Many of the initiatives to reduce the cost of electrification concern electrification clearances, as specified in the 276-page Network Rail standard NR/L2/ELP/27716 ‘Electrical and mechanical clearances on overhead electrified railways’. This is essentially a manual and was issued in December 2023. It delivers the requirements of 13 different railway and British Standards as well as taking account of findings from the enabling efficient electrification workstream.

Its requirements are coded Red (no variations permitted), Amber (variations allowed subject to an approved risk assessment), and Green (use unless alternative solutions followed).

The first 22 pages introduces the four modules of this manual and refers to 92 reference documents.

The first module is a 97-page design specification for clearances.

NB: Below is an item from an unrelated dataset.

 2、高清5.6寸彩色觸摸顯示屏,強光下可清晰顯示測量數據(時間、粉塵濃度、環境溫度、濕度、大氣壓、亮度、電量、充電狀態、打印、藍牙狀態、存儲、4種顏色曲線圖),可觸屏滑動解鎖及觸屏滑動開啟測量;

This considers the clearance between the three aspects of the OLE system which are: 1) OLE conductors; 2) OLE supports; and 3) Along Track Feeders (ATF) and twelve specific areas that might be impacted by the OCLS. These are:

  • Overline structures (e.g. bridges, tunnels).
  • Rail vehicle bodies.
  • Pantographs.
  • Signals.
  • Single phase HV cables.
  • Standing surfaces (non-restricted public access).
  • Standing surfaces (restricted lawful public access).
  • Standing surfaces (restricted non-public access).
  • Level crossings.
  • Vegetation.
  • Third party land.
  • Third party networks.

As a result, this first module defines the requirement for 22 types of static and dynamic electrical clearances as well as the requirements for the mechanical clearance between pantographs and overline structures.

As described later, a further module is a generic safety case for OCLS clearances. The third 50-page module provides the design input parameters and secondary calculations that are required for such matters as track fixity, rail vehicle kinematic reference profiles, pantograph sway, contact wire uplift, and wind speeds. The fourth and final 11-page module has tables which categorise the electrical insulation performance of clearances in 25 kV electrification systems.

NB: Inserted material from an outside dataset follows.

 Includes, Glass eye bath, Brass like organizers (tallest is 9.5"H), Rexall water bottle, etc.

Authorising new electrification

The Railways (Interoperability) Regulations 2011 require that no new subsystem (e.g. new electrification works) can be put into use on the UK rail system unless the Office of Road and Rail (ORR) has authorised its use. This requires a demonstration that the subsystem is technically compatible with the rail system and that it has been designed, constructed, and installed to meet the subsystem’s essential requirements.

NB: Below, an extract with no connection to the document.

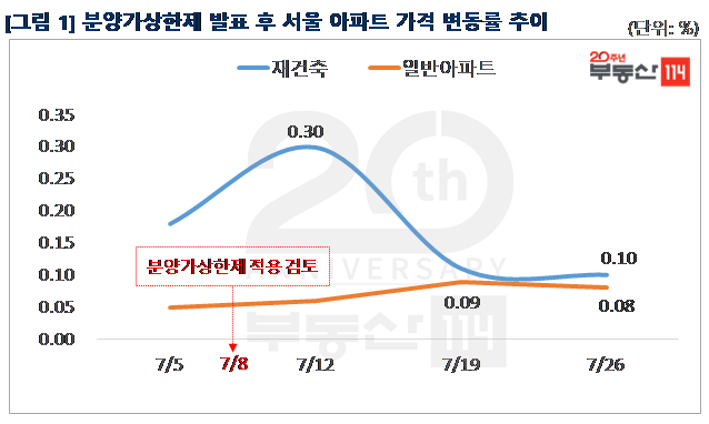 민간택지 분양가상한제 적용이 임박해졌지만 시장의 충격은 지난 주에 비해 완화된 모습이다. 서초구 잠원동 잠원동아, 강남구 청담건영 등 리모델링 추진이 논의되는 일부 단지를 중심으로는 기대감도 조성되는 분위기다. 입지나 단지 노후도, 분양가상한제 사정권에 드는지 여부에 따라 서울 아파트값이 혼조세를 보이고 있다. 정부가 강남권을 비롯한 서울 아파트 가격 동향을 예의 주시하고 있는데다 분양가상한제 외에 추가 규제가 나올 가능성도 있어 일단 집값 상승세 확대에는 제동이 걸릴 것으로 보인다.

The authorisation process requires the applicant to submit a formal safety assessment report which includes a common safety method risk assessment and certificates of verification by an independent notified body.

It would be reasonable to consider that new electrification work designed and installed in accordance with Network Rail standards is compatible with the rail system. Yet, the approval process requires that this be demonstrated from first principles.

As an aid to project teams, the second module of NR/L2/ELP/27716 has a generic safety case for OCLS clearances. This includes a system definition, lists of hazards, and methods that might be used to demonstrate the effectiveness of control measures such as surge arresters. It also provides bow tie diagrams (these show an accidental event in terms of its initial causes, negative consequences, and the barriers intended to prevent or control its associated hazards), a spreadsheet recording 55 hazards, and shows the OCLS and AFT design hierarchy.

Thus, this module of NR/L2/ELP/27716 provides a generic safety case that can then be cut and pasted into the safety assessment report to which a relatively small number of project specific issues are added. Hence the safety approval process for electrification projects, in effect, requires each project to demonstrate that Network Rail’s electrification standards are fit for purpose. It is not clear what purpose this serves.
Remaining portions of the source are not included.